WORK ORDER -
In the entries below, find the line containing "Jean Pathus-Labour (inventor" and the line containing "Das Kooperationsvorhaben von". Copy those two lines and everything between them exactly, without the pictures.

** Opening SUPPLIED DATA block **

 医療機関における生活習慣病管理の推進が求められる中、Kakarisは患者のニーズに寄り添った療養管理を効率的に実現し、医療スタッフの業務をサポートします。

** Closing SUPPLIED DATA block **
** Opening SUPPLIED DATA block **

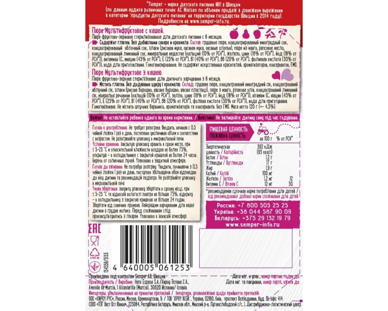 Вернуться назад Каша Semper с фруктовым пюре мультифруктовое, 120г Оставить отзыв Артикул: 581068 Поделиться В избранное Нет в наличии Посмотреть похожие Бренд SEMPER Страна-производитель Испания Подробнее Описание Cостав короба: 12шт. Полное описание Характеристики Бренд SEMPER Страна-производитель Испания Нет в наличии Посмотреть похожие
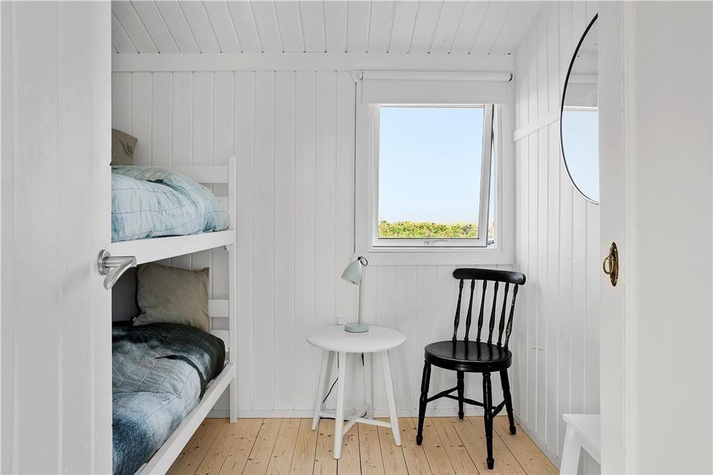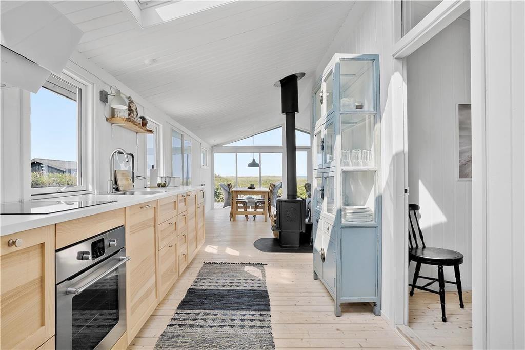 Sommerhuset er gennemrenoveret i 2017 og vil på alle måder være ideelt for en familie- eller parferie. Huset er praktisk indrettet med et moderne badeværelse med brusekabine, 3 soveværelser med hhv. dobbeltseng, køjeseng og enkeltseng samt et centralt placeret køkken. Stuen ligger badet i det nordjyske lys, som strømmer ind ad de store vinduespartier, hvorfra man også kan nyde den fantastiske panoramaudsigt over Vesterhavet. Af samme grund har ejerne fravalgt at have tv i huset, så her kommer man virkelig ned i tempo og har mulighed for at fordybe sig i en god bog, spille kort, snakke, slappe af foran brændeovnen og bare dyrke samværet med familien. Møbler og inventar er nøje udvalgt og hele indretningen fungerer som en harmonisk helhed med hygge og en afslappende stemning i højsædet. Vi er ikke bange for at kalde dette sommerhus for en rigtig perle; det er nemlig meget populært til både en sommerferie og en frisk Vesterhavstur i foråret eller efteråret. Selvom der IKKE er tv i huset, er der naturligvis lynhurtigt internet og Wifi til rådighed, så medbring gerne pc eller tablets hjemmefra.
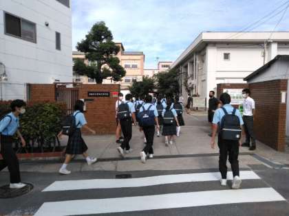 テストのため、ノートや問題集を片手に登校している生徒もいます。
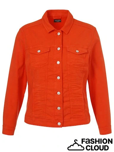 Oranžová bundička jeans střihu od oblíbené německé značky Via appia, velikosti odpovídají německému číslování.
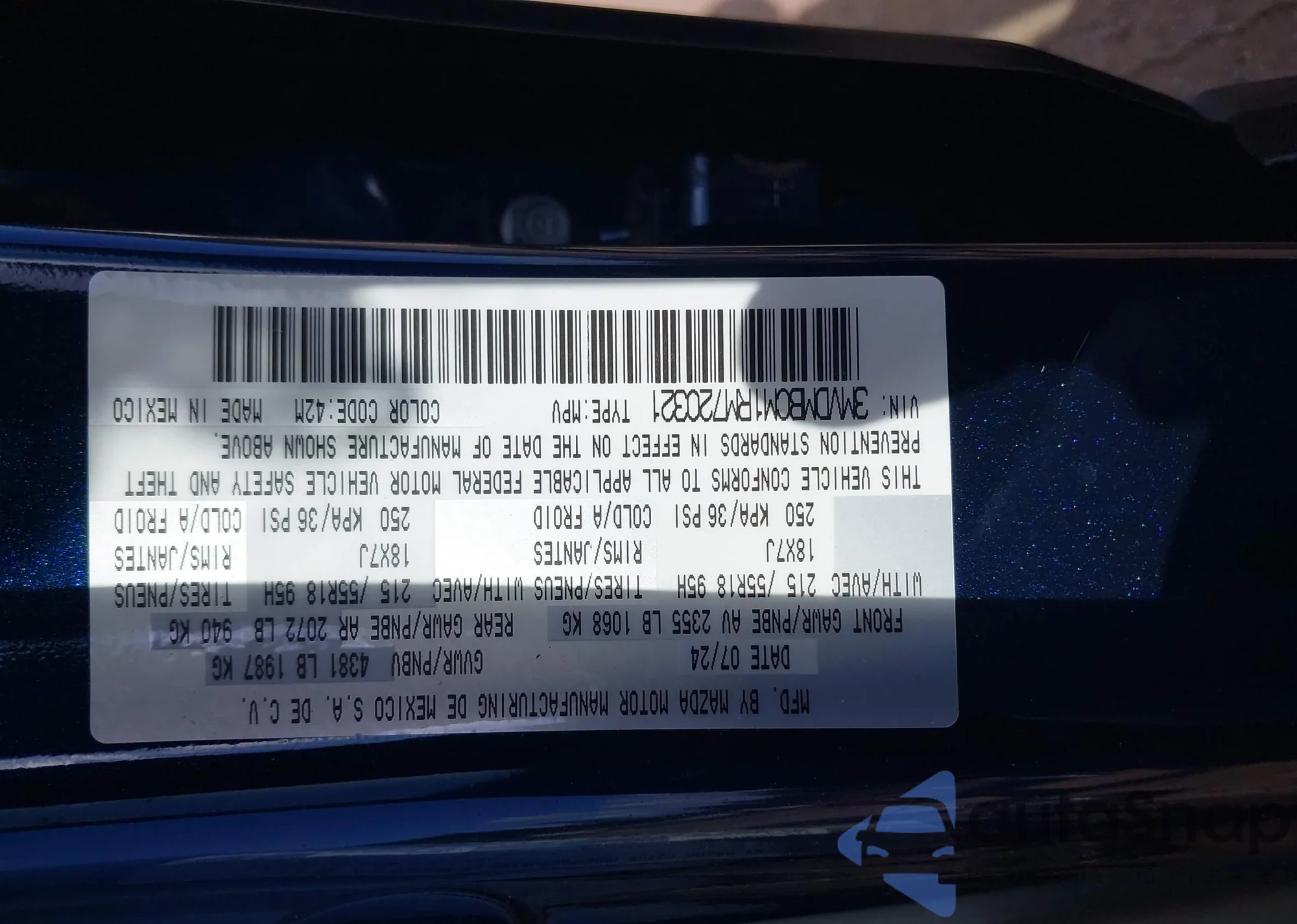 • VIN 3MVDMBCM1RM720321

** Closing SUPPLIED DATA block **
** Opening SUPPLIED DATA block **

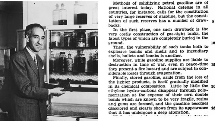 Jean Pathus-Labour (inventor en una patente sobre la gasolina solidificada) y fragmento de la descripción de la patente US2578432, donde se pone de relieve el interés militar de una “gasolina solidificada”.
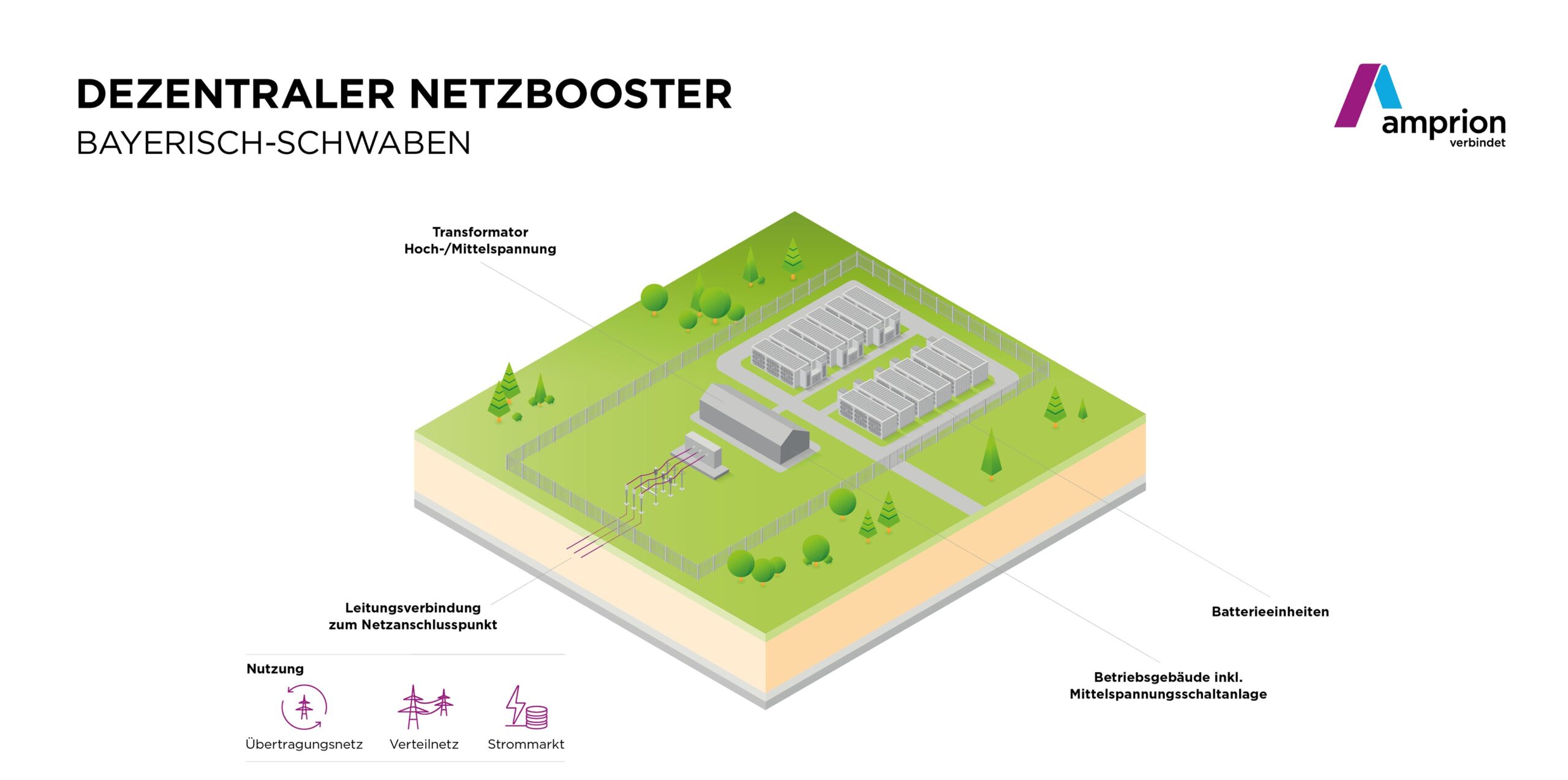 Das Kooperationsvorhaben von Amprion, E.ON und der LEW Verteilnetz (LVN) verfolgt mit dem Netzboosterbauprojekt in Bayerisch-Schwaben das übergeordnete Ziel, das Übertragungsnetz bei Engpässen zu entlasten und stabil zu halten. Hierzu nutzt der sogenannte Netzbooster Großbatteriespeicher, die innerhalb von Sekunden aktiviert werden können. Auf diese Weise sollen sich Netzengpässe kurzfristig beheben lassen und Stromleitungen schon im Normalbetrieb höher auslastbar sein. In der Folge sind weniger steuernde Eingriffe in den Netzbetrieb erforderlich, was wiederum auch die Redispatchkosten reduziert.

** Closing SUPPLIED DATA block **

WRITTEN ANSWER -
 Jean Pathus-Labour (inventor en una patente sobre la gasolina solidificada) y fragmento de la descripción de la patente US2578432, donde se pone de relieve el interés militar de una “gasolina solidificada”.
 Das Kooperationsvorhaben von Amprion, E.ON und der LEW Verteilnetz (LVN) verfolgt mit dem Netzboosterbauprojekt in Bayerisch-Schwaben das übergeordnete Ziel, das Übertragungsnetz bei Engpässen zu entlasten und stabil zu halten. Hierzu nutzt der sogenannte Netzbooster Großbatteriespeicher, die innerhalb von Sekunden aktiviert werden können. Auf diese Weise sollen sich Netzengpässe kurzfristig beheben lassen und Stromleitungen schon im Normalbetrieb höher auslastbar sein. In der Folge sind weniger steuernde Eingriffe in den Netzbetrieb erforderlich, was wiederum auch die Redispatchkosten reduziert.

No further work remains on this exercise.